MuZero could soon be put to practical use too. Dr Silver said DeepMind was already using it to try to invent a new kind of video compression.
“If you look at data traffic on the internet, the majority of it is video, so if you can compress video more effectively you can make massive savings,” he explained.
“And initial experiments with MuZero show you can actually make quite significant gains, which we’re quite excited about.”
However, as Google owns the world’s biggest video-sharing platform – YouTube – it has the potential to be a big money-saver.
The firm believes it has been successful because MuZero only tries to model aspects of the environment that are important to its decision-making process, rather taking a wider approach.

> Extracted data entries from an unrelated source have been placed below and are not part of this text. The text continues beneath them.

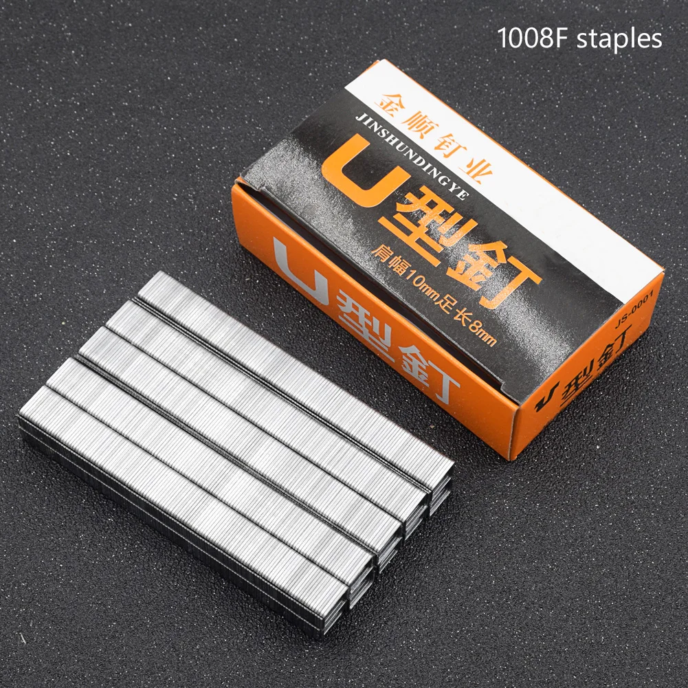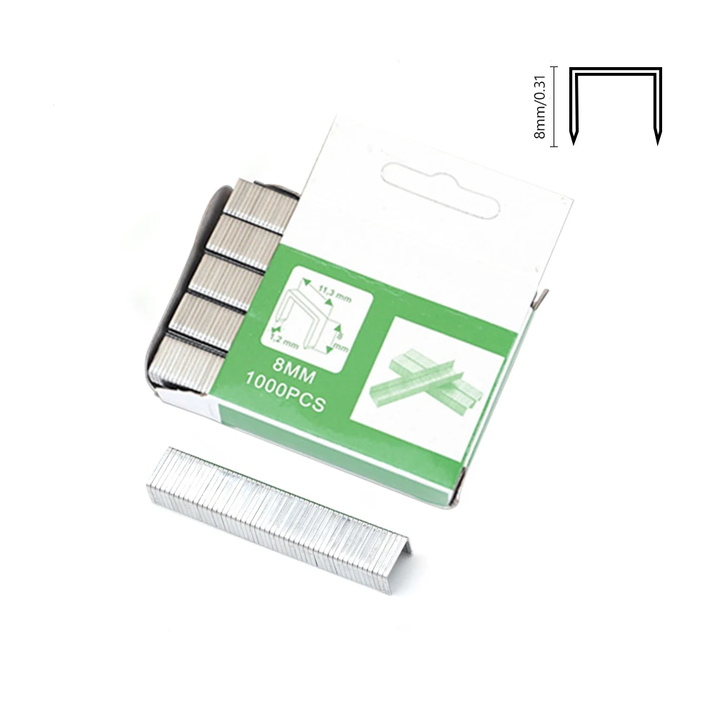 Подходит для большинства стандартных степлеров, снастей для гвоздиков, универсальные скобы предназначены для работы с большинством стандартных степлеров, что упрощает процесс поставки и позволяет легко заправлять.
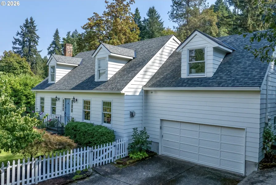 Discover elevated style and timeless charm in this beautifully updated Cape Cod, nestled on a quiet, tree-lined street in coveted Dunthorpe. Surrounded by lush gardens and natural privacy, this light-filled home offers a serene neutral palette and thoughtfully designed living spaces throughout. Bamboo floors, abundant built-ins, and carefully curated updates enhance both function and character. This home is a seamless blend of classic architecture and refined modern living. The private backyard is a true oasis, featuring a welcoming deck and an enchanting Italian-inspired garden framed by multiple trellises draped in climbing wisteria and clematis. A white picket fence and flowering gardens create exceptional curb appeal. Located in the sought after Dunthorpe neighborhood in unincorporated S Portland, this quiet enclave offers both privacy and convenience - just 15 minutes to downtown Portland and five minutes to Lake Oswego, with premier dining and shopping nearby. The Lewis & Clark trails are just a short stroll away. French doors in the exquisite dining room open gracefully to an expansive brick terrace, creating a seamless flow for refined indoor-outdoor entertaining. The elegant formal living room-anchored by a wood-burning fireplace and custom built-ins-adjoins the dining room. Just off the kitchen, the family room features a new gas fireplace and direct access to the terrace, blending comfort with livability. One of the highlights of the home is a spectacular main level office or 4th bedroom with floor to ceiling bookshelves and built-ins. Upstairs, the spacious primary suite serves as a serene retreat, complete with a fully renovated bath and beautifully customized closets featuring dedicated jewelry drawers and thoughtfully designed shoe storage. A generous, light filled bonus room provides space for guests, work, or recreation. Each bathroom has been tastefully remodeled to reflect modern comfort while honoring the home's enduring architectural character.
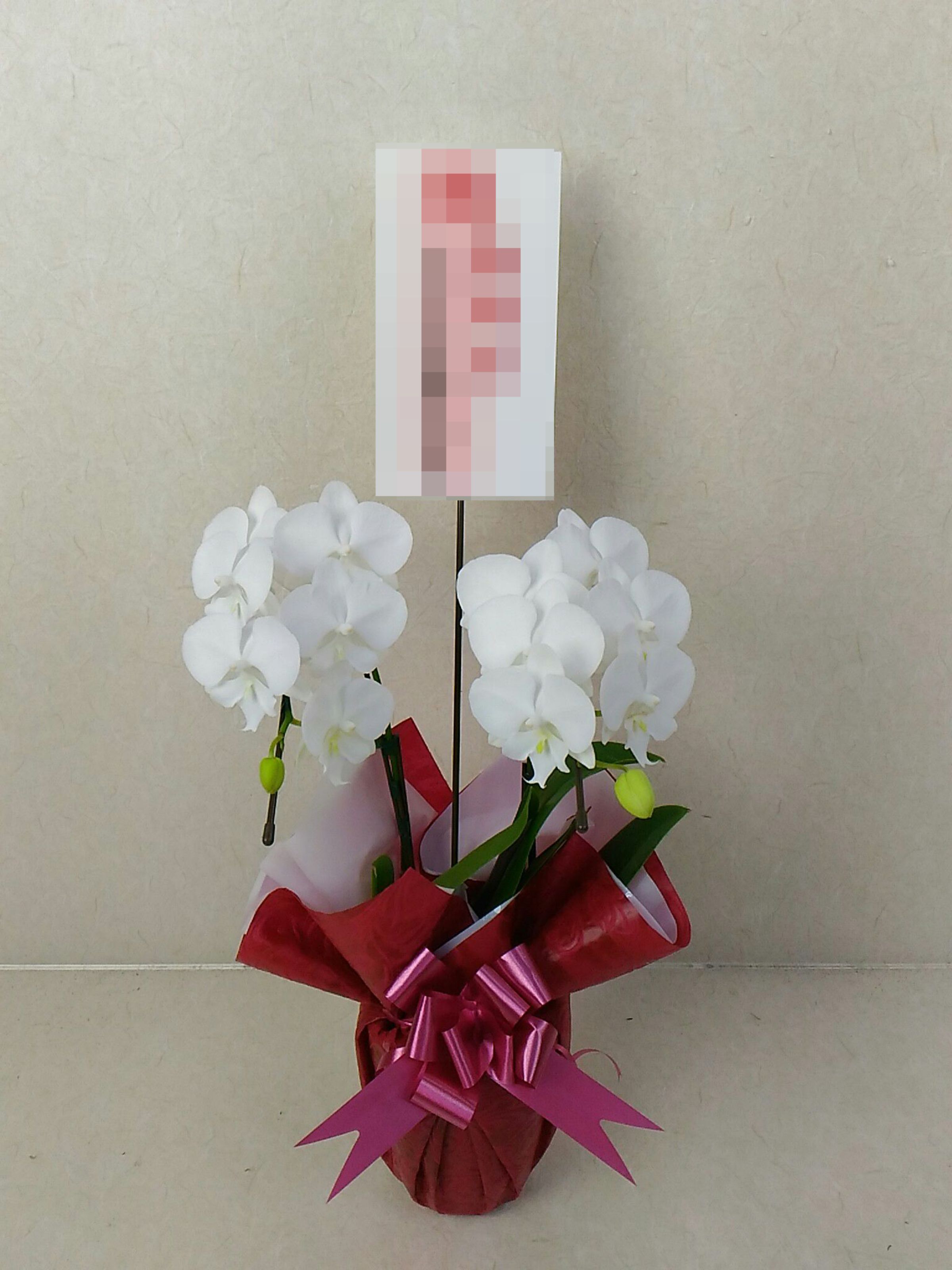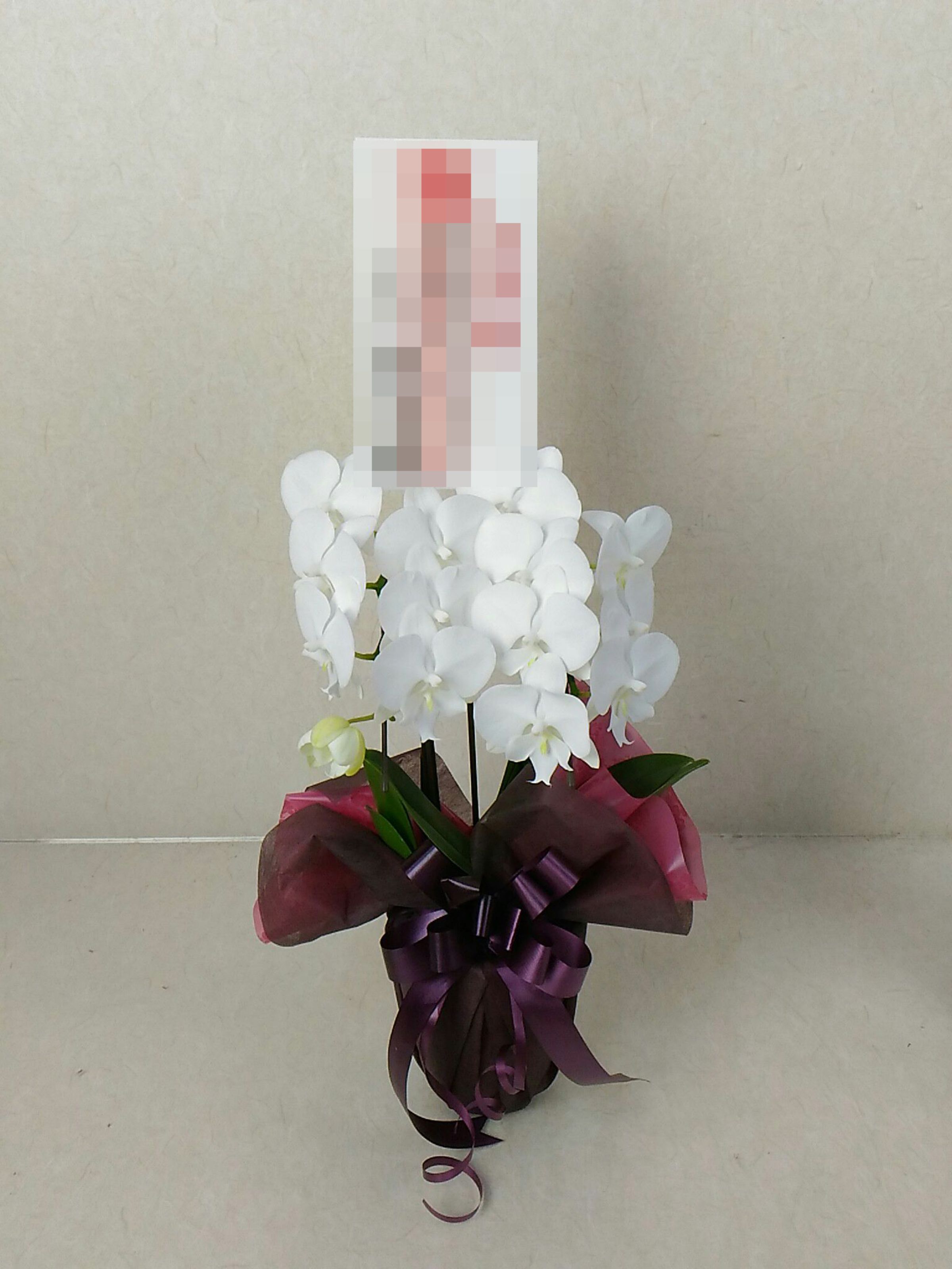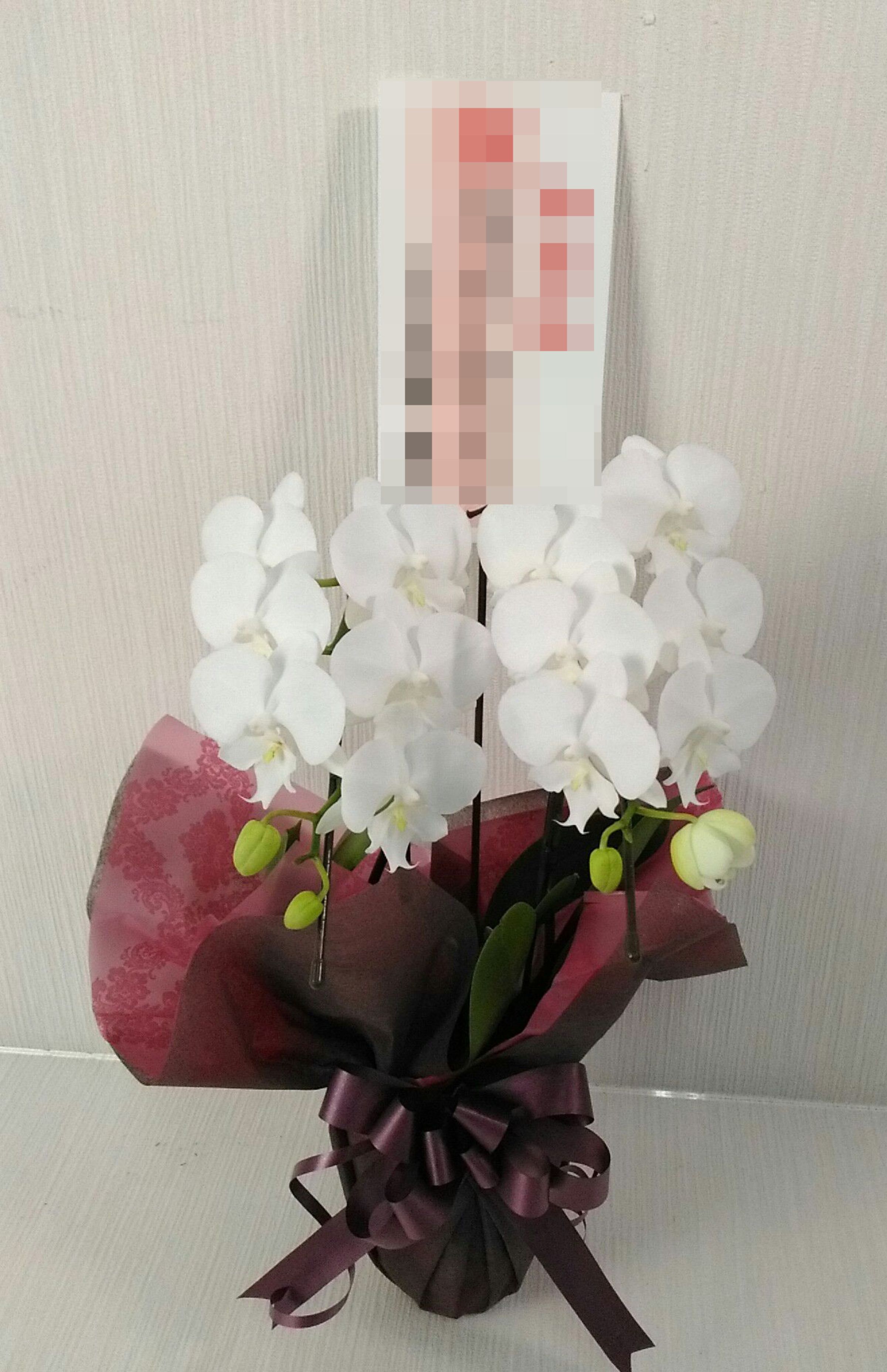 胡蝶蘭の実際にお届けした写真です。花秘書では発送前に写真をメールで送信致しますので安心して大切な顧客や取引様へのギフトにご利用頂けます。
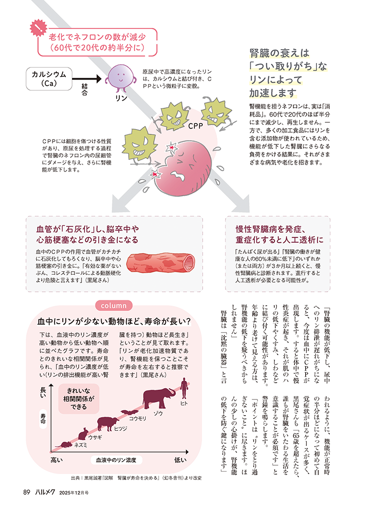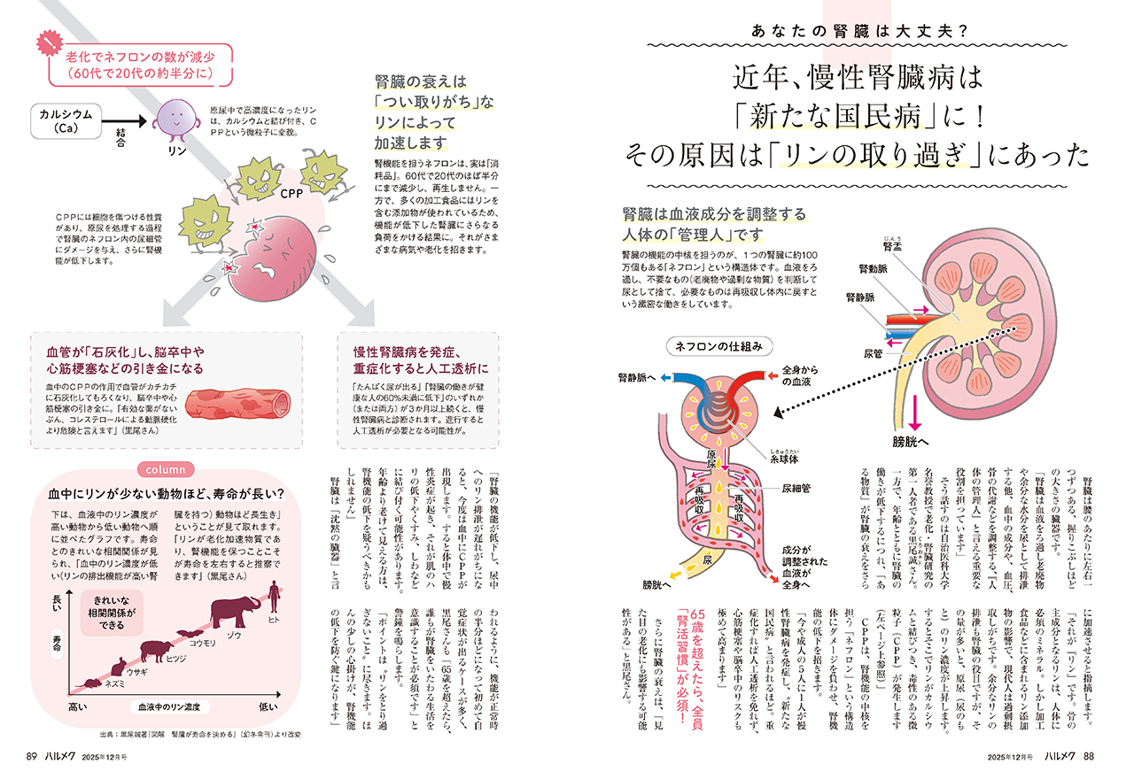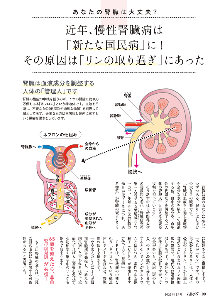 一方で「慢性腎臓病」は、いまや成人の5人に1人が抱える「新しい国民病」になっています。腎臓が衰えると、動脈硬化、心肥大などの病気だけでなく、全身の老化にもつながります。

The Nature paper reports that MuZero proved to be slightly better than AlphaZero at playing Go, despite doing less tree-search computation per move.
And it said it also outperformed R2D2 – the leading Atari-playing algorithm that does not model the world – at 42 of the 57 games tested on the old console.
Moreover, it did so after completing just half the amount of training steps. Both achievements point to the fact that MuZero is effectively able to squeeze out more insight from less data than had been possible before, explained Dr Silver.
“Imagine you’ve got a robot and it’s wandering about in the real world and it’s expensive to run,” he said.
“So, you want it to learn as much as possible from the small number of experiences it has. MuZero is able to do that.”